The vast majority of firms surveyed are turning to more flexible work arrangements as a way to attract staff and keep others from leaving. Back before remote work was common in professional services jobs, public accountants were already accustomed to working wherever a client needed them.

“Accounting firms were really ahead of the curve and flexibility,” Cryder said. But “just because we were ahead of the curve, doesn’t mean that we should stop.”

The difficulty in hiring enough accountants has pushed some firms to consider merging, PICPA found.
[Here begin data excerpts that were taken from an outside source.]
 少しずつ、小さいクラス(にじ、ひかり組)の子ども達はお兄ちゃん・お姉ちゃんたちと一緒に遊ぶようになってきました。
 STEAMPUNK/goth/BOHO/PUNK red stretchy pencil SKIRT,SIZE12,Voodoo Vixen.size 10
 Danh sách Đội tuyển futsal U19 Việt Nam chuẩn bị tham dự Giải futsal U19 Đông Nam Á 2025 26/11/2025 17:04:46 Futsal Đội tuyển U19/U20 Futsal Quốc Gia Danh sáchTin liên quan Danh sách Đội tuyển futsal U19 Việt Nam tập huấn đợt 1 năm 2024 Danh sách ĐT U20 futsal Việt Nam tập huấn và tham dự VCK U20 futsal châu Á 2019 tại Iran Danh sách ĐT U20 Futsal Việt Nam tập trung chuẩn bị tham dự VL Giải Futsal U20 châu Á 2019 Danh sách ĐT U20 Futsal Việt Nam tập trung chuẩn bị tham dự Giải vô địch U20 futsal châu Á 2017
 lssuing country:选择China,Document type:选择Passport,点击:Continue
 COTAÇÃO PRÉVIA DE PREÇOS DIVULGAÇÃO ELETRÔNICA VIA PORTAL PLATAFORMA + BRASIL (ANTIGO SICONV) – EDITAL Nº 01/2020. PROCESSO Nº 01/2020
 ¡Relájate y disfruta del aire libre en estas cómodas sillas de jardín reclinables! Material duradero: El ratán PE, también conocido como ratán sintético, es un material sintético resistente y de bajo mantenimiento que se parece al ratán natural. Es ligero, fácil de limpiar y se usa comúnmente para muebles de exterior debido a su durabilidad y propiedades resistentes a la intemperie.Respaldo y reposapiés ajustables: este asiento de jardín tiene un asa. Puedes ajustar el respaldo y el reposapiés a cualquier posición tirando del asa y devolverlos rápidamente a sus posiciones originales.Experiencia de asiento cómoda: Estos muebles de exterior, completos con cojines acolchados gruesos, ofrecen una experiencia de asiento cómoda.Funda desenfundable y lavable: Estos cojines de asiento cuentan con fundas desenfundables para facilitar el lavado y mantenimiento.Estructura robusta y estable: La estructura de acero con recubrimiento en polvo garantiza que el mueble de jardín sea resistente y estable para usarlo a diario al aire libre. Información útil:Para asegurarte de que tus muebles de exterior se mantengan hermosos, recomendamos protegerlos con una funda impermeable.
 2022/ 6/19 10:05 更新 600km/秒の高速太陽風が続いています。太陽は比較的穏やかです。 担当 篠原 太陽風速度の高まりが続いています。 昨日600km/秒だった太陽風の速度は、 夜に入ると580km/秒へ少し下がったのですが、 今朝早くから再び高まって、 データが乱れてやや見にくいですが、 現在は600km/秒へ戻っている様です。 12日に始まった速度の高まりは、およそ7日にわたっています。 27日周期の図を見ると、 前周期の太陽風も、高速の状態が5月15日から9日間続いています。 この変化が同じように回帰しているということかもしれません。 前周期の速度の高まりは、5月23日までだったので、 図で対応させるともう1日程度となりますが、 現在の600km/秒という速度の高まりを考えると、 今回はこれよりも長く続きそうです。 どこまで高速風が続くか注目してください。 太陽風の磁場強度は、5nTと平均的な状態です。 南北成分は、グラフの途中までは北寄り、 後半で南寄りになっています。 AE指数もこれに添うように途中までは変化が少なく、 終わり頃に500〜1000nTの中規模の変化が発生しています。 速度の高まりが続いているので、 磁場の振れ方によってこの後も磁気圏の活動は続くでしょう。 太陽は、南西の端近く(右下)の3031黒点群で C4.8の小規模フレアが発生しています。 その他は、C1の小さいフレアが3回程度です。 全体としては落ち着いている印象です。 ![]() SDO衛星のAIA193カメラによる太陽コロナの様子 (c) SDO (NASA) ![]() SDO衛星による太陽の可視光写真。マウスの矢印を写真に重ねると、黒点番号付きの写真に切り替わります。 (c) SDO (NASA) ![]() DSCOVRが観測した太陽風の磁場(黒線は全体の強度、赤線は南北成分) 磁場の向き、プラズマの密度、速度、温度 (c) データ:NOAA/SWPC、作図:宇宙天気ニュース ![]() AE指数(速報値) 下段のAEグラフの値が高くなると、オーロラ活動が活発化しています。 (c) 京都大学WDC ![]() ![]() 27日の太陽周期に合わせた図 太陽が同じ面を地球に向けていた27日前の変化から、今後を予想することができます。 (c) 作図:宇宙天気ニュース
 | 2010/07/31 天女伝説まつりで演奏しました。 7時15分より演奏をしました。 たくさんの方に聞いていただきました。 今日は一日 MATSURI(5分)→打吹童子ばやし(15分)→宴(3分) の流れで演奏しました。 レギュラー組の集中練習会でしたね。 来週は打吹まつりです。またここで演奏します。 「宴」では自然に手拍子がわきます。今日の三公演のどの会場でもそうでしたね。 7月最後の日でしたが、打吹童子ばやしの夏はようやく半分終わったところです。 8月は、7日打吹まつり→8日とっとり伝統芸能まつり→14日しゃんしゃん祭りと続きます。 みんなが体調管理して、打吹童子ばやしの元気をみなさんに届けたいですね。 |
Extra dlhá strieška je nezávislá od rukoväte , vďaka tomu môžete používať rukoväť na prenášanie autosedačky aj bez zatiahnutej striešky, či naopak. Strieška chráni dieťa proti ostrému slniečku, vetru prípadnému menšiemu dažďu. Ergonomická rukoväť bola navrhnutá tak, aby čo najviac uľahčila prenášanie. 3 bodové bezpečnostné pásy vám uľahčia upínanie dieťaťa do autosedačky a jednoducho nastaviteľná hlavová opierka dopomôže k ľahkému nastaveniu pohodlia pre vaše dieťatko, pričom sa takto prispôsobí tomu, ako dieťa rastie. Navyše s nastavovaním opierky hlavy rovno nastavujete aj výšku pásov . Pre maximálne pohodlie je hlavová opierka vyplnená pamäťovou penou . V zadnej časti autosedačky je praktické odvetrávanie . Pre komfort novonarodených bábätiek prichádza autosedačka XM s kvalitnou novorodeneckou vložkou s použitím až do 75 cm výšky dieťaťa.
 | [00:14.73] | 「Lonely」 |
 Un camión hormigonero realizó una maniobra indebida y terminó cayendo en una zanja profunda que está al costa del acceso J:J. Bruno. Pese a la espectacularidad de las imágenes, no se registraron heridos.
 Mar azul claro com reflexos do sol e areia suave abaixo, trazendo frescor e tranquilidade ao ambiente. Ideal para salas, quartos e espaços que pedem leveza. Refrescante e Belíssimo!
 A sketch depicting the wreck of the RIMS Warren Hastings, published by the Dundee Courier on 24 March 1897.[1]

It’s also motivating them to lean into technology improvements, but that’s something they should be doing anyway, Cryder noted.

“Most of what I did the first couple of years in my career, technology does all of it today,” Cryder said. That could be a good thing for the industry’s talent problem, she noted, because it means that new hires get to the more interesting analytical work earlier in their careers.

Cryder said the PICPA has been working on getting more young people interested in the accounting career path, sending CPAs to schools in the Philadelphia area to familiarize young people with the opportunities available in accounting and how to get the necessary education. But, she said, firms will still have to rethink their business models, particularly on salary, to stay competitive among other fields that require similar education and offer wealth more immediately.

Making that investment is a tough task, when they’re also spending more on technology, and potentially giving up clients to keep workloads manageable — a lose-lose for accounting firm revenue and the ex-clients who are now faced with new obstacles.

“When accounting firms are struggling with talent ... these impacts that we have in the capital markets start to become challenged, which is a really big deal,” Cryder said. “At the end of the day, we need a strong and diverse pipeline of CPAs coming into the profession.”